Alfred Hitchcock Presents, S1E5: "Into Thin Air"(a.k.a "The Vanishing Lady")

Hitchcockian déjà vu.

“Into Thin Air” is an oft-told tale. Hitchcock himself, as he candidly admits in the opener, already told it at feature length in the frothy, superbly entertaining The Lady Vanishes.

This isn’t as good as that, in part because this is kind of complex problem-solving story benefits from a longer runtime than Alfred Hitchcock Presents can provide: it needs time to lay unobtrusive groundwork full of details both the audience and the characters will later need as proof. “Into Thin Air,” with only half an hour at its disposal, can’t help rushing things. It has to signpost a little too much. But within that framework, it’s solid and well-executed.

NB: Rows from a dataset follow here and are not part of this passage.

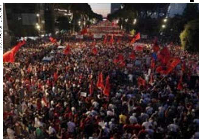
Multidão em Tirana repudia projeto de resort de Ivanka

O Comitê de Helsinque da Albânia (CHA), uma ONG de direitos humanos com sede em Tirana, denunciou que a polícia local reprimiu com violência uma manifestação em frente ao Parlamento Nacional da Albânia, na quinta-feira (2). Cerca de 20 manifestantes foram detidos.
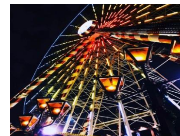
Concours photos « montre-moi ta ville du Havre »
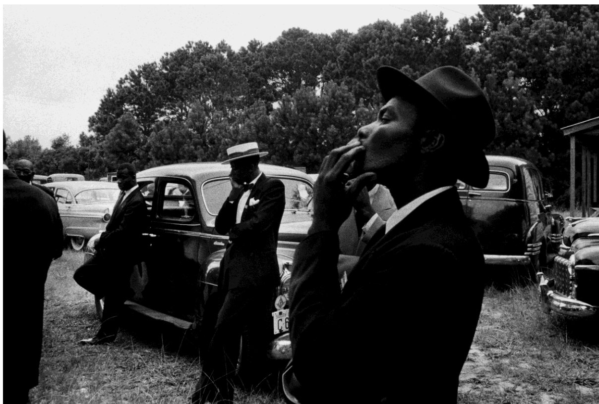
Funeral – St. Helena, South Carolina, 1955
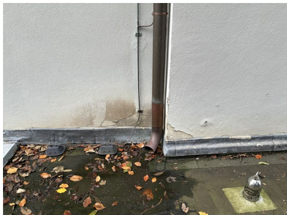
gevel no. 7: buitenpleisterwerk beschadigd (2025)
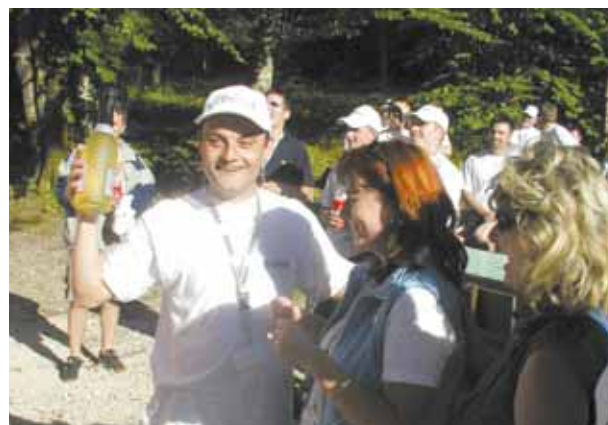
Zasluženi pobjednički šampanjac

A young Englishwoman, Diana Winthrop (Pat Hitchcock1), arrives in Paris with her mother (Mary Forbes). Diana is cheerful and excited about their holiday—when the world-famous Exposition is about to begin, no less—but she’s worried about her mother, who suddenly fell ill on the last leg of their trip. Pat Hitchcock is endearing in the lead role, and she plays Diana as so earnest and direct that she almost justifies the script’s insistence on having her explicitly draw attention to bits of set dressing, like an ormolu clock, that will come back later.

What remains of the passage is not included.